Raw vegan preparation with oats is ideally done in its most nutrient-dense form with activated, or sprouted, naked oats.
Naked oats in raw form are capable of germination. Exposure to water and heat brings the seeds to life and starts a transformation process:
This Is How Sprouting Naked Oats Works
For storage, we recommend soaking 1 kg of oats for about 8 hours, submerged in water:
- Rinse with fresh water in the morning and allow them to germinate for 2-3 days in large sieves at approx. 20º Celsius (68º Fahrenheit)
- Continue to rinse thoroughly with fresh water in the morning and evening.
Small spikes are already visible on the 2nd day.
At this stage, dry the oats for about 12 hours at 40º Celsius (104º Fahrenheit) in a dehydrator. For storage, the grains must be thoroughly dried to avoid mold.

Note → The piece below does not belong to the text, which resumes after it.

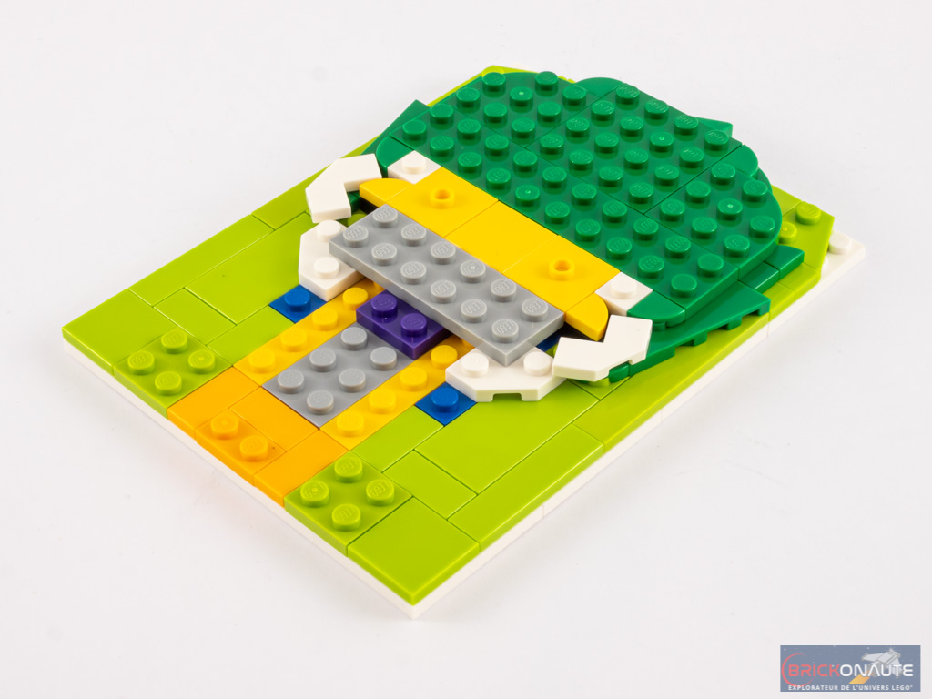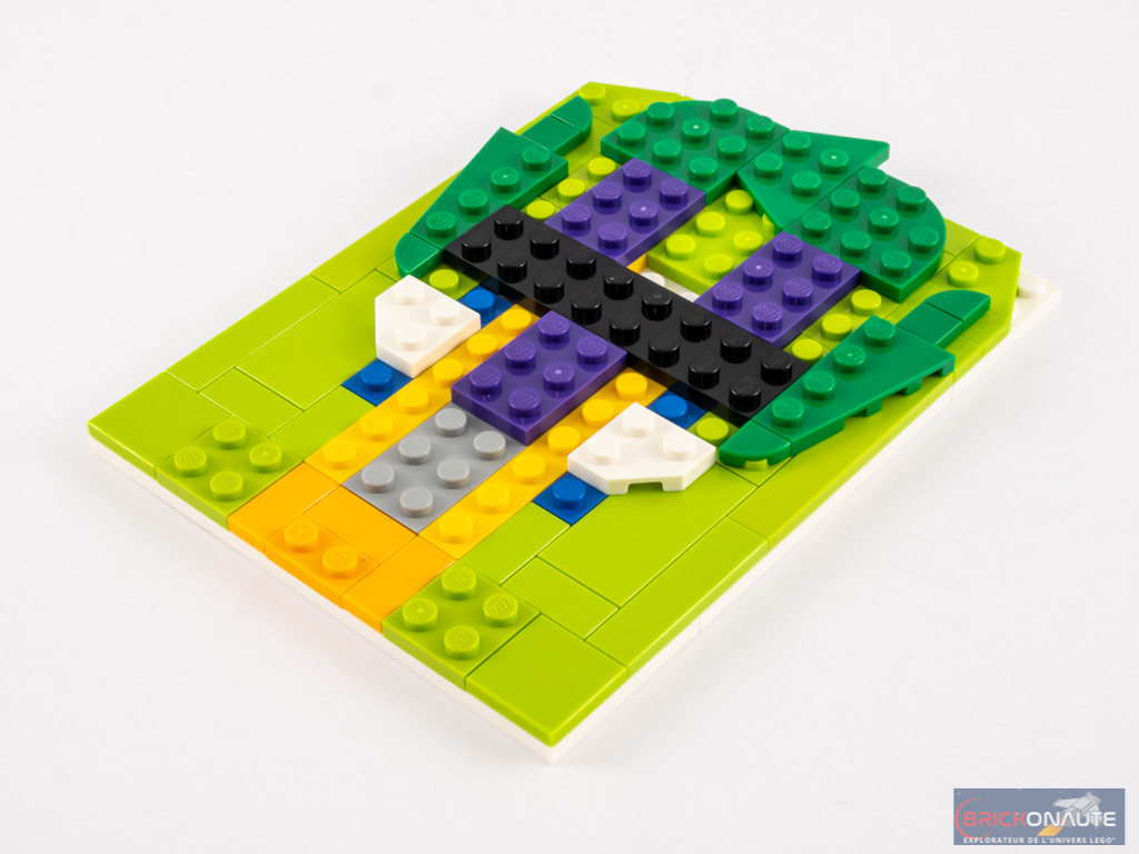 Et cette fois-ci, je trouve encore une fois le design franchement réussi. Les proportions du visage, tout en longueur, le fond des yeux jaune et un regard sournois accentué par deux plates recouvertes de sourcils courbés, les dents couleurs cool yellow qui tranchent avec le rouge des lèvres et le blanc du visage, le sourire accentué par ces petites tiles rouges et la partie basse de la bouche légèrement en retrait… il ne manque rien à ce Joker pour en faire, à ce stade de mes tests, la meilleure de Brick Sketches. Un seul petit regret, inhérent aux couleurs employées : on remarque une légère variation de teintes entre les pièces couleur lime qui constituent le fond du « tableau ».

Now the oats can be used for delicious breakfast dishes like porridge or overnight oats!
We love sprouted oat flakes
Oat flakes found in stores, even the organic ones, have always already gone through a heating process, for all of the reasons mentioned above. That being said, germinated oatmeal is also available for purchase.
With a flake press you can squeeze oat flakes yourself from germinated oats – ideally just before eating them. This way they have the full content of all vital substances of the living oat grain.